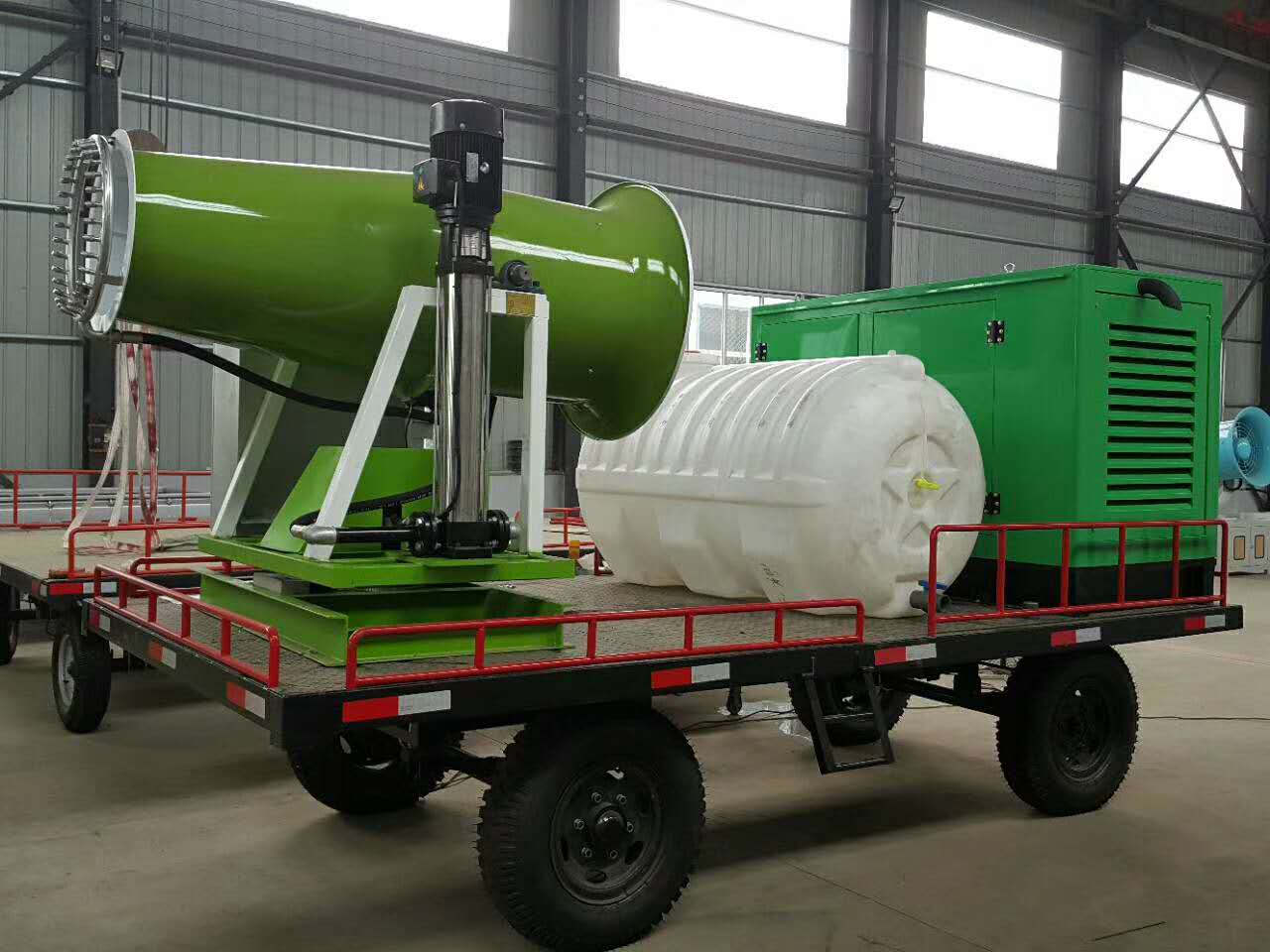 霧炮機專(zhuān)門(mén)用于城市開(kāi)發(fā)區建設工地、拆遷工地、車(chē)站儲煤場(chǎng)、洗煤廠(chǎng)、焦化廠(chǎng)、鐵礦、鋼廠(chǎng)、港口等的揚塵風(fēng)沙控制,其 遠噴水距離為30到160余米,單車(chē)蓄水量近20噸,主要作用是噴霧抑塵,同時(shí)具備灑水和道路作用,有效抑制揚塵的產(chǎn)生。在施工使用中,除塵霧炮機噴出的水霧像毛毛細雨一樣隨風(fēng)飄散,飄在臉上 像出了一層汗水,絲毫不會(huì )噴濕衣服,也不會(huì )在地上“和泥”,水霧越細小,反而越容易吸附細顆粒物,且每小時(shí)耗水量少,比灑水車(chē) 省水。霧炮機不僅能用于建筑工地施工現場(chǎng)水霧降塵,還能裝在高樓的樓頂,每天定時(shí)進(jìn)行噴霧降塵,霧炮機可長(cháng)久使用,有效降低了道路車(chē)輛揚塵,還能增加空氣濕度,幫助改善周邊道路和小區的空氣質(zhì)量。
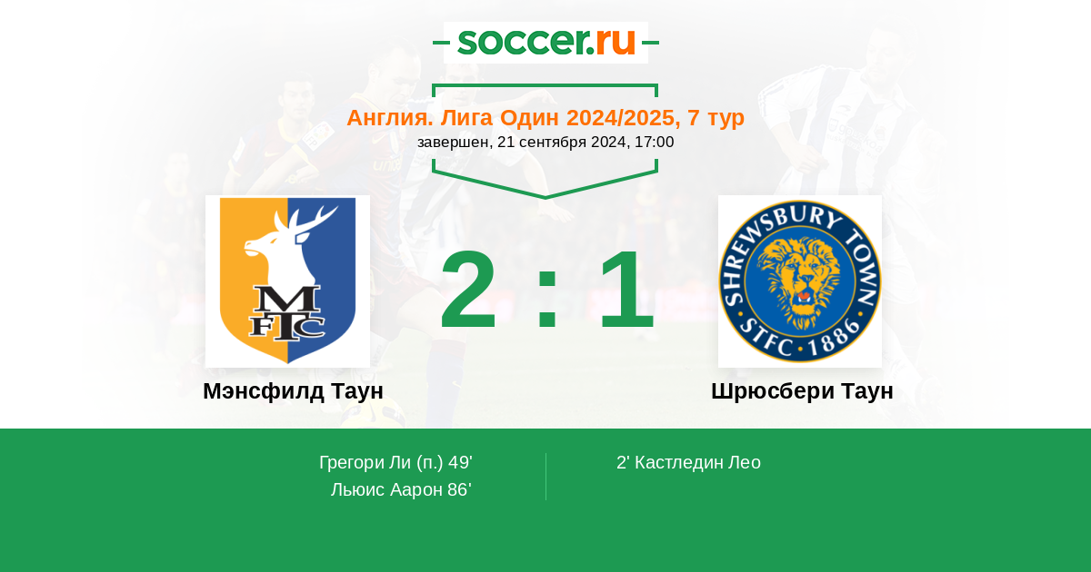 49' (1:1) Грегори Ли (19)
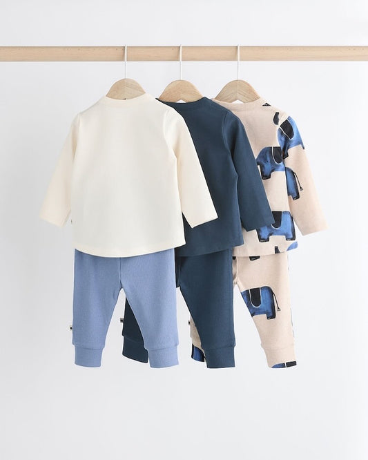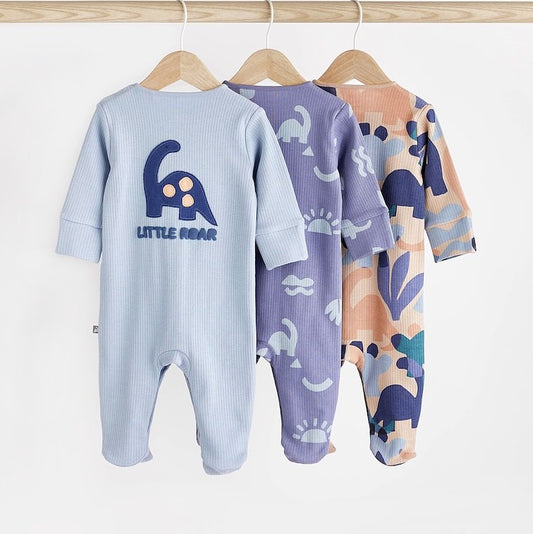 Blue Elephant Zipper Sleepsuit 3 Pack
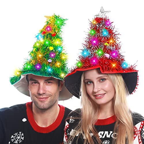 - [ 2 Pack Tinsel Sparkle Christmas Tree Hats ] Pack of 2 unisex Christmas Tree Hats with red and green dual colors. Each measures 18*15.7 inch(height*width), one size fit most adults and kids.
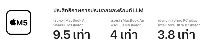 - ชิป M5 ใหม่ ประสิทธิภาพ AI แรงกว่า M4 ถึง 4 เท่า
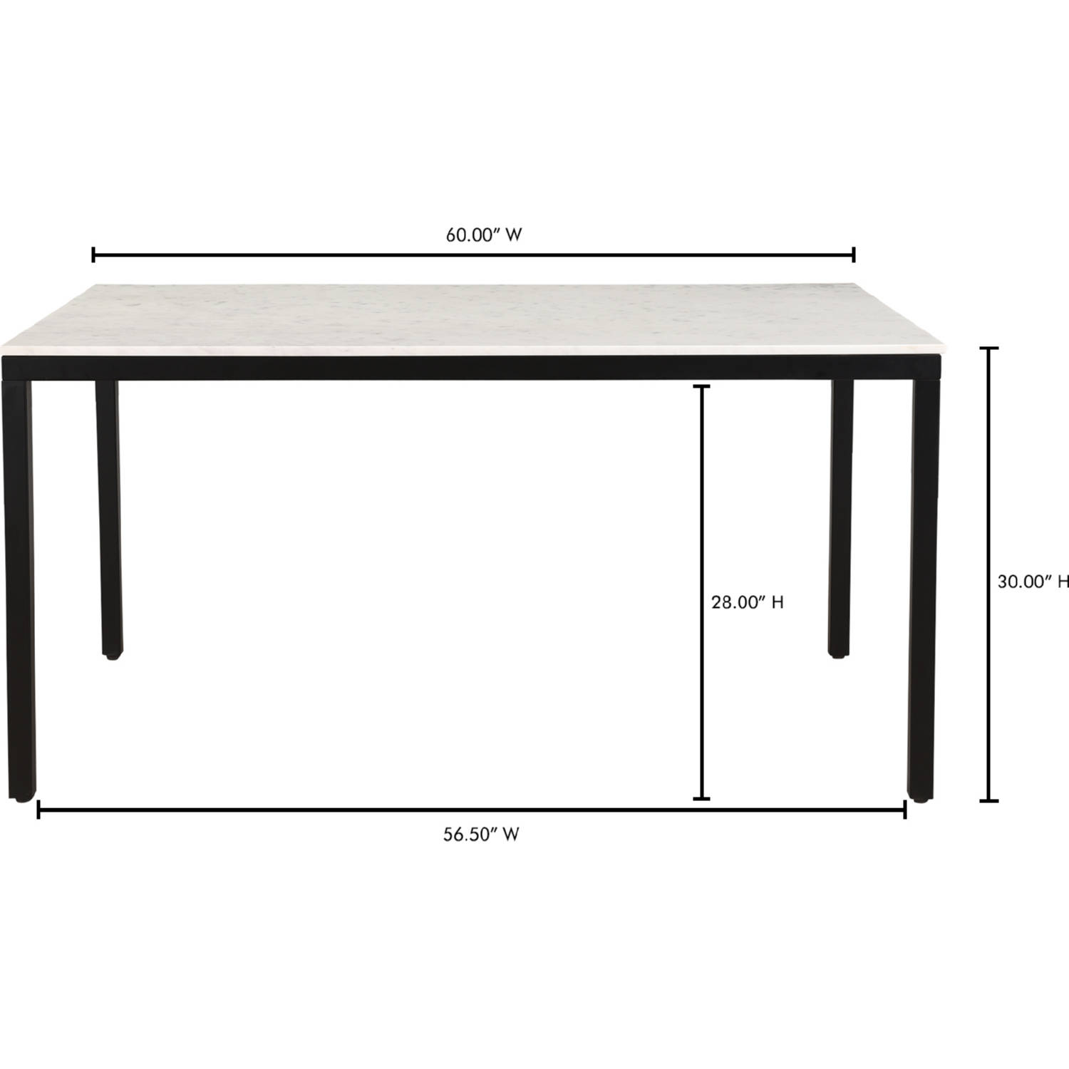Moe's Parson 60" Dining Table in White Marble & Black Iron

====

• **Task requirements**
Aside from the pictures, repeat the listing exactly.

• **Result of this exercise**
 霧炮機專(zhuān)門(mén)用于城市開(kāi)發(fā)區建設工地、拆遷工地、車(chē)站儲煤場(chǎng)、洗煤廠(chǎng)、焦化廠(chǎng)、鐵礦、鋼廠(chǎng)、港口等的揚塵風(fēng)沙控制,其 遠噴水距離為30到160余米,單車(chē)蓄水量近20噸,主要作用是噴霧抑塵,同時(shí)具備灑水和道路作用,有效抑制揚塵的產(chǎn)生。在施工使用中,除塵霧炮機噴出的水霧像毛毛細雨一樣隨風(fēng)飄散,飄在臉上 像出了一層汗水,絲毫不會(huì )噴濕衣服,也不會(huì )在地上“和泥”,水霧越細小,反而越容易吸附細顆粒物,且每小時(shí)耗水量少,比灑水車(chē) 省水。霧炮機不僅能用于建筑工地施工現場(chǎng)水霧降塵,還能裝在高樓的樓頂,每天定時(shí)進(jìn)行噴霧降塵,霧炮機可長(cháng)久使用,有效降低了道路車(chē)輛揚塵,還能增加空氣濕度,幫助改善周邊道路和小區的空氣質(zhì)量。
 49' (1:1) Грегори Ли (19)
 Blue Elephant Zipper Sleepsuit 3 Pack
 - [ 2 Pack Tinsel Sparkle Christmas Tree Hats ] Pack of 2 unisex Christmas Tree Hats with red and green dual colors. Each measures 18*15.7 inch(height*width), one size fit most adults and kids.
 - ชิป M5 ใหม่ ประสิทธิภาพ AI แรงกว่า M4 ถึง 4 เท่า
Moe's Parson 60" Dining Table in White Marble & Black Iron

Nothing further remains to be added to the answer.